How We Learned What Works

When we started Kombo, we built products the way founders build in the early days. Nobody gives you a spec, but you talk to them to understand the problem and come up with a solution that will make them happy. When doing that, you own their problem end-to-end.

We kept doing it this way as we grew. We learned that when you put an engineer in front of a customer and let them understand the problem firsthand, they are much more inclined to solve the right problem in the right way. We made that the central part of our engineering philosophy.

What This Means for Engineers

You talk to customers. Before starting on a feature, you schedule customer calls together with a product manager to understand what they need. You gather context firsthand. This shapes how you approach the technical solution. You substantially shape the design because you understand the problem better than anyone else. We have a very technical product, so who is better suited to design it than an engineer?

You work on initiatives with a product manager and senior engineers. The team helps you succeed. When you're stuck on a technical decision, senior engineers review your approach. When you're unsure about a customer need, the product manager has context. When you need to understand how something works, someone on the team built it and can explain it. You're involved in the entire process: customer conversations, technical design, implementation, deployment, and support. You will develop the skills and ownership to move independently over time and own bigger and bigger problems. The goal is to be able to take a customer problem and ship a solution without depending on others.

The Full-Stack Mindset

Full-stack at Kombo goes beyond the tech stack. It means end-to-end ownership of the problem. Nobody at Kombo says, "That's not my responsibility, give this to the backend team." When something blocks you, you handle it. When your feature needs support, you provide it. When customers have questions, you answer them.

This works because we eliminate unnecessary boundaries. Single programming language (TypeScript) for frontend and backend. Monorepo. Trunk-based development so you can ship fast without waiting for release cycles. Internal transparency so you can find any information you need. You can focus on solving problems instead of navigating organizational complexity.

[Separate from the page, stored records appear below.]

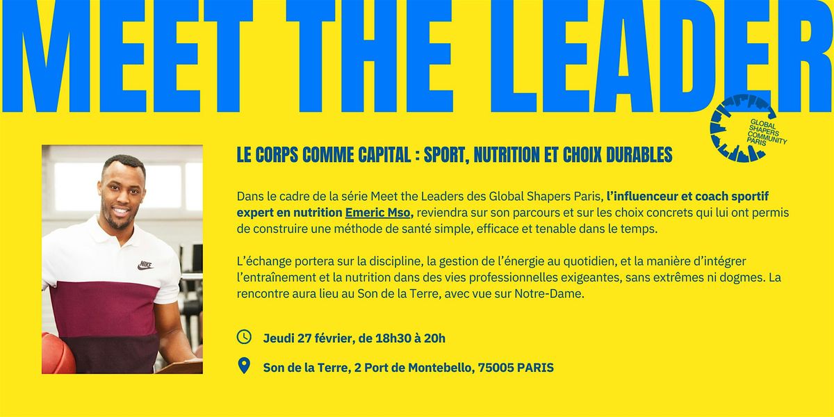 Dans le cadre de la série Meet the Leaders des Global Shapers Paris, notre Shaper Alice Vandenberghe invite l’influenceur et coach sportif expert en nutrition Emeric Mso, pour raconter son parcours et les choix concrets qui lui ont permis de construire une méthode de santé simple, efficace et tenable dans le temps.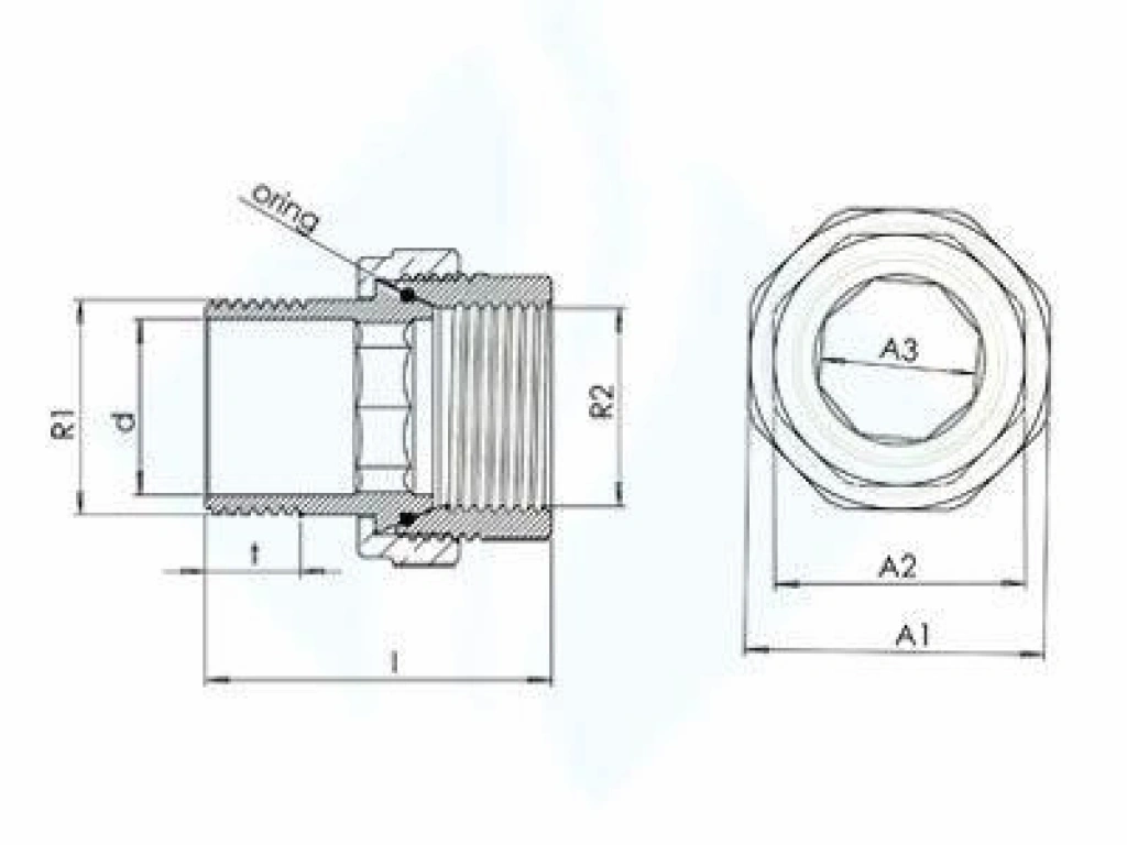 Anma Ölçüsü Nominal size (R1) | R2 (mm) | I (mm) | t (mm) | d (mm) | A1 (mm) | A2 (mm) | A3 (mm) | O-ring (mm) |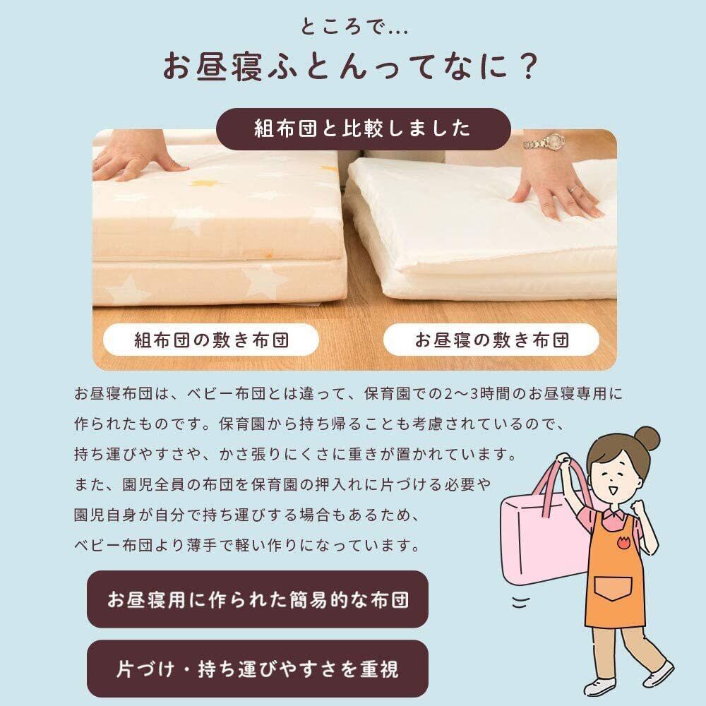 【ご使用上の注意事項】対象年齢:25ヶ月以上。この商品は、あくまでもお昼寝用としてのおふとんですので、長時間の睡眠には適しておりません。うつぶせ寝でのご使用はお避けください。製品に表示されている方法でお取り扱いください。

You own problems, but you're not alone. Before starting an initiative, you write a short RFC that invites the team to challenge your assumptions and share knowledge. This saves you from running into problems others have already solved. When you're blocked, you ask for help. The team works together to make sure everyone succeeds.

When you own an initiative, you decide how to solve it. You're responsible for customers successfully adopting what you build. You move fast because you don't wait for approvals or handoffs.